Mówi: | Łukasz Boroń |
Funkcja: | prezes zarządu |
Firma: | PKP Cargo |
Udział PKP Cargo w rynku przekracza 60 procent
PKP Cargo tylko w lipcu przewiozło około 10 mln ton ładunków. To bardzo dobry wynik, biorąc pod uwagę kurczący się rynek przewozów kolejowych. Od kwietnia do czerwca udział PKP Cargo w rynku pod względem wykonanej pracy przewozowej przekraczał 60 proc.
– Taki udział w rynku pod względem pracy przewozowej to naturalna pozycja przy obecnej strukturze przewozów z dominującym udziałem węgla, kamienia i metali. Natomiast oczywiście są takie segmenty, w których chcielibyśmy się rozwijać jeszcze bardziej, także na polskim rynku – zapowiada w rozmowie z Agencją Informacyjną Newseria Łukasz Boroń, prezes zarządu PKP Cargo. – Będziemy bardzo aktywnie ofertować w III i IV kwartale, aby nie tylko utrzymać nasz obecny udział w rynku, ale zawalczyć również o segmenty, w których nasz udział jest niski.
Według danych opublikowanych ostatnio przez Urząd Transportu Kolejowego (UTK), w czerwcu br., udział PKP Cargo w rynku pod względem masy przewożonych towarów wyniósł 49,8 proc. Dane za lipiec nie zostały jeszcze opublikowane przez UTK, ale z informacji otrzymanych od spółki wynika, że przewiozła ona w lipcu około 10 mln ton ładunków. Od kwietnia br. udział PKP Cargo w rynku pod względem wykonanej pracy przewozowej regularnie przekracza 60 proc. Jak zauważa prezes zarządu PKP Cargo, to dla spółki wskaźnik ważniejszy niż udział w rynku pod względem masy przewożonych towarów.

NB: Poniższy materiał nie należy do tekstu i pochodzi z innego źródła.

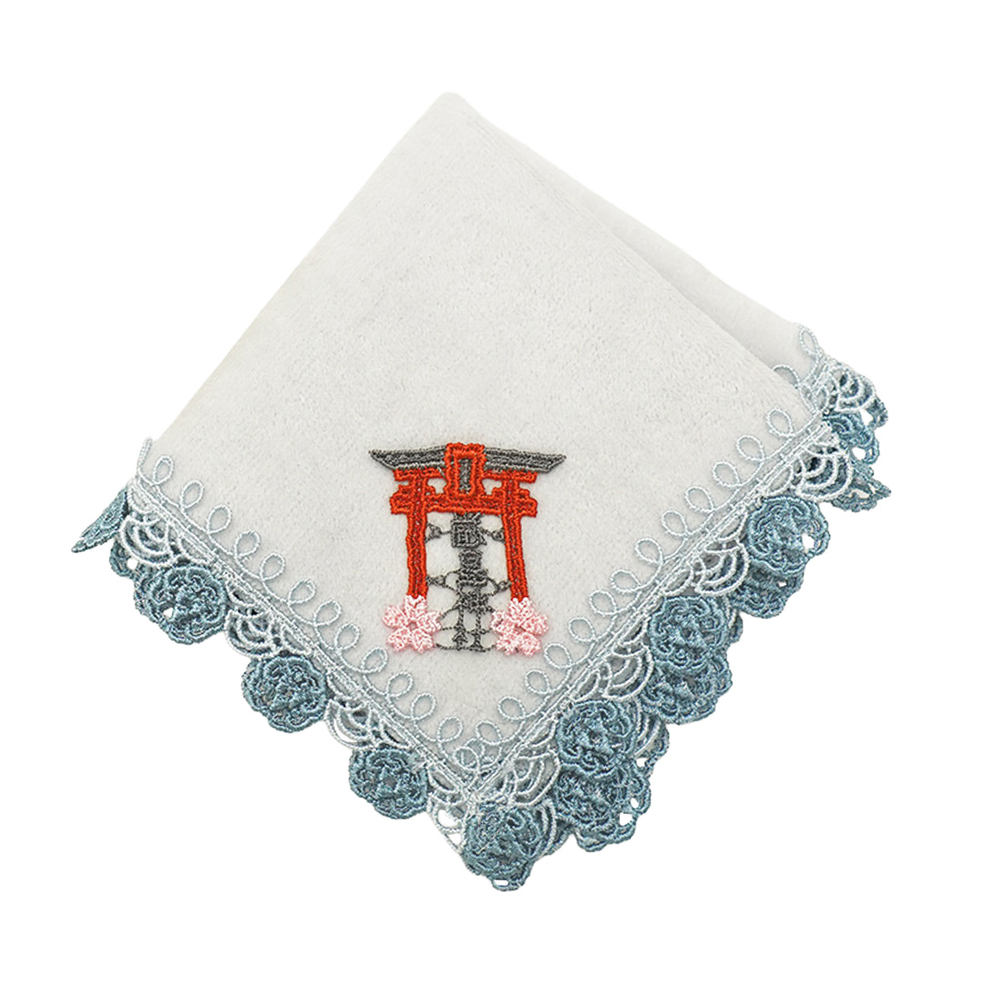 元町厳島神社宮司ご賛同のもと、この度「元町厳島神社×近沢レース店」のコラボレーションが実現。地元の神社を守りたい。そのような思いで、おつくりしたタオルハンカチ。近沢レース店では、売り上げの半分を、社殿修繕のため奉納し、その維持・継承を支援いたします。

Prezes zarządu spółki podkreśla, że zmiany na rynku kolejowego transportu towarowego następują wraz ze zmianą trendów w gospodarce. Zgodnie z przewidywaniami, w miarę wychodzenia ze spowolnienia gospodarczego oraz dzięki wejściu w życie od stycznia przyszłego roku nowej perspektywy budżetowej UE, powinna wzrosnąć aktywność inwestycyjna, a tym samym przewozy kolejowe.
W marcu br. udział PKP Cargo w rynku pod względem masy przewożonych ładunków spadł do rekordowo niskiego poziomu 46,3 proc. W całym pierwszym półroczu br., udział spółki wyniósł 48,3 proc. – o 2,2 punktu proc. mniej niż w tym samym okresie 2012 r.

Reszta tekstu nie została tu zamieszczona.